International career
- 2000: Northern Ireland U18 / 2 / (0)

= Jimmy Haarhoff =

Zambian footballer (born 1981)

James Phiri Haarhoff (born 27 May 1981) is a retired professional footballer who played in the Football League for Birmingham City. He played international football for Northern Ireland at under-18 level.

==Career==
Haarhoff was born in Lusaka, Zambia. As a youngster, he played football for Maypole Juniors in the Yardley Wood district of Birmingham, England, before joining the youth system of professional club Birmingham City. He made his first-team debut – and his only first-team appearance – as a last-minute substitute in the Division One (second tier) match at home to Crystal Palace on 16 October 1999.

As the holder of a British passport born outside the United Kingdom, Haarhoff was eligible to play international football for any of the Home Nations.

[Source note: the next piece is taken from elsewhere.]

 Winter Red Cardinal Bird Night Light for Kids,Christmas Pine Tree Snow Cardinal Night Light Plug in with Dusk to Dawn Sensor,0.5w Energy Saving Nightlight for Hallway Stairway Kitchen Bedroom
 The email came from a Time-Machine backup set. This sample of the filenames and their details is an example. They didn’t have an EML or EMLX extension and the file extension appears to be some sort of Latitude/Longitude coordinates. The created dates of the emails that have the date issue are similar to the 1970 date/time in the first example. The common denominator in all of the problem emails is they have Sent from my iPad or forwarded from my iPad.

He made his debut for Northern Ireland at under-18 level as a half-time substitute in a 3–1 defeat of their Denmark counterparts in a friendly international in February 2000. According to manager Roy Millar, "He has quick feet and is very pacey. He goes past players and is exciting to watch", and his debut performance earned him a place in the starting eleven, also against Denmark, a couple of days later.

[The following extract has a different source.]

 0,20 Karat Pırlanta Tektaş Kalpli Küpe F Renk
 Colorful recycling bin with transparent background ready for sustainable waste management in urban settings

After trials with Doncaster Rovers and Chester City in December 2000, Haarhoff signed a short-term deal with the latter club in January 2001 after Birmingham released him from his contract. He began well, but failed to make the starting eleven in the latter part of the season. With his contract due to expire, Haarhoff was one of several players called in by the chairman for two weeks' fitness training; those who failed to attend, Haarhoff included, were threatened with dismissal, but a few days later he was offered and accepted a two-year contract. In October 2001, after a change of ownership and management at the club, Haarhoff was offered a loan move to Droylsden of the Northern Premier League, which he turned down. In February 2002 he had been playing for the reserve team, but returned to the first team as a substitute to score a last-minute winner to knock Hereford United out and reach the quarter-final of the FA Trophy. He was given a squad number prior to the 2002–03 season, but in August 2002 he joined Droylsden on a three-month loan, a move which was made permanent five weeks later.

Haarhoff signed for Southern League Premier side Moor Green in the 2003 close season, but failed to settle, and dropped down a division to fellow Halesowen Town in March 2004. He played eight games in what remained of the 2003–04 season, contributing to the club's promotion to the Premier Division, and 44 games in all competitions in 2004–05, of which 31 were in the league. At the end of the season he was not offered a new contract, and opted to give up the pursuit of a career as a footballer in favour of his religion. In June 2005 he was baptised into the Seventh-day Adventist Church, in which his father Jim was an elder.

Since his retirement as a player, Haarhoff has worked with Halesowen Town's and Birmingham City's community programmes, and as a skills coach in the Birmingham area under the Football Association's Skills Coaches programme. He went on to set up his own coaching company.